Adaptive Federated Learning in Resource Constrained Edge Computing Systems
This addresses resource-efficient federated learning for edge computing systems, offering an incremental improvement by optimizing local-global trade-offs under constraints.
The paper tackles the problem of training machine learning models on data distributed across edge nodes without centralizing raw data, proposing a control algorithm that optimizes the trade-off between local updates and global aggregation to minimize loss under resource constraints, achieving near-optimal performance in experiments with real datasets.
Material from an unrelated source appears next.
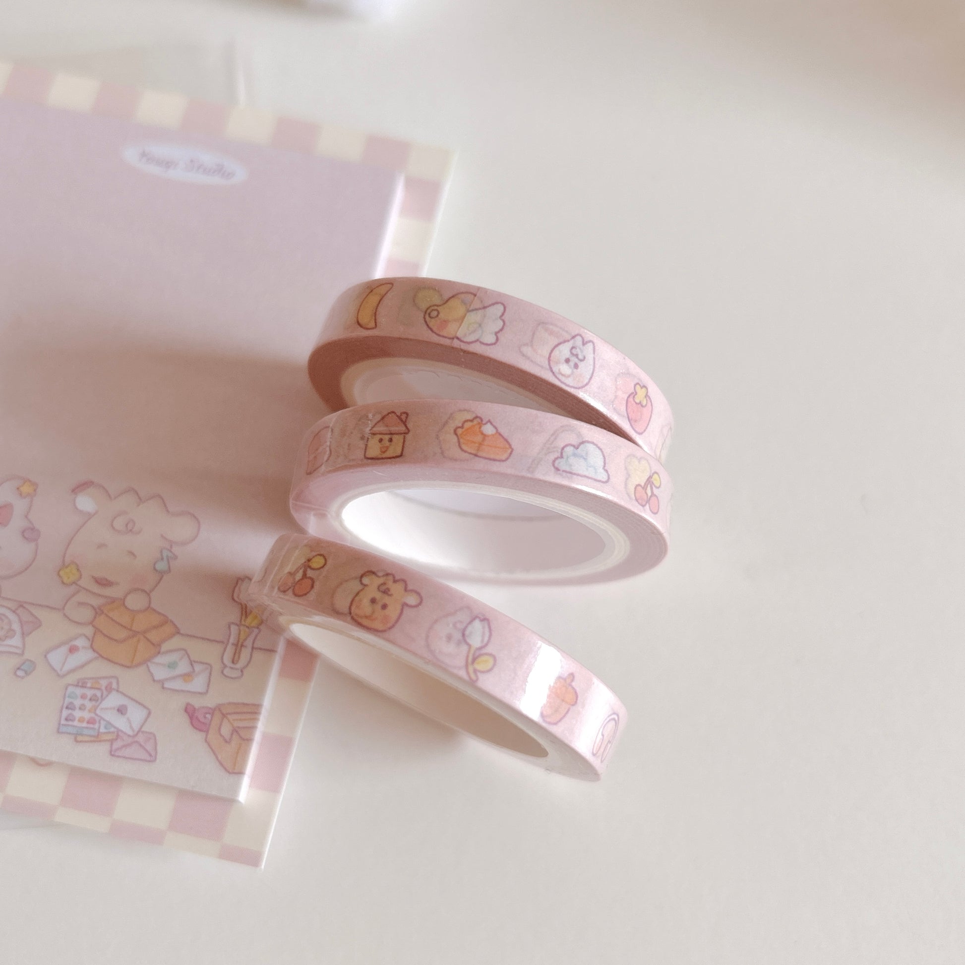 The cutest little pink washi tape for decorating anything! Featuring many loved items, foods and drinks! Will match my mossery cover design!

Emerging technologies and applications including Internet of Things (IoT), social networking, and crowd-sourcing generate large amounts of data at the network edge. Machine learning models are often built from the collected data, to enable the detection, classification, and prediction of future events. Due to bandwidth, storage, and privacy concerns, it is often impractical to send all the data to a centralized location. In this paper, we consider the problem of learning model parameters from data distributed across multiple edge nodes, without sending raw data to a centralized place. Our focus is on a generic class of machine learning models that are trained using gradient-descent based approaches. We analyze the convergence bound of distributed gradient descent from a theoretical point of view, based on which we propose a control algorithm that determines the best trade-off between local update and global parameter aggregation to minimize the loss function under a given resource budget. The performance of the proposed algorithm is evaluated via extensive experiments with real datasets, both on a networked prototype system and in a larger-scale simulated environment. The experimentation results show that our proposed approach performs near to the optimum with various machine learning models and different data distributions.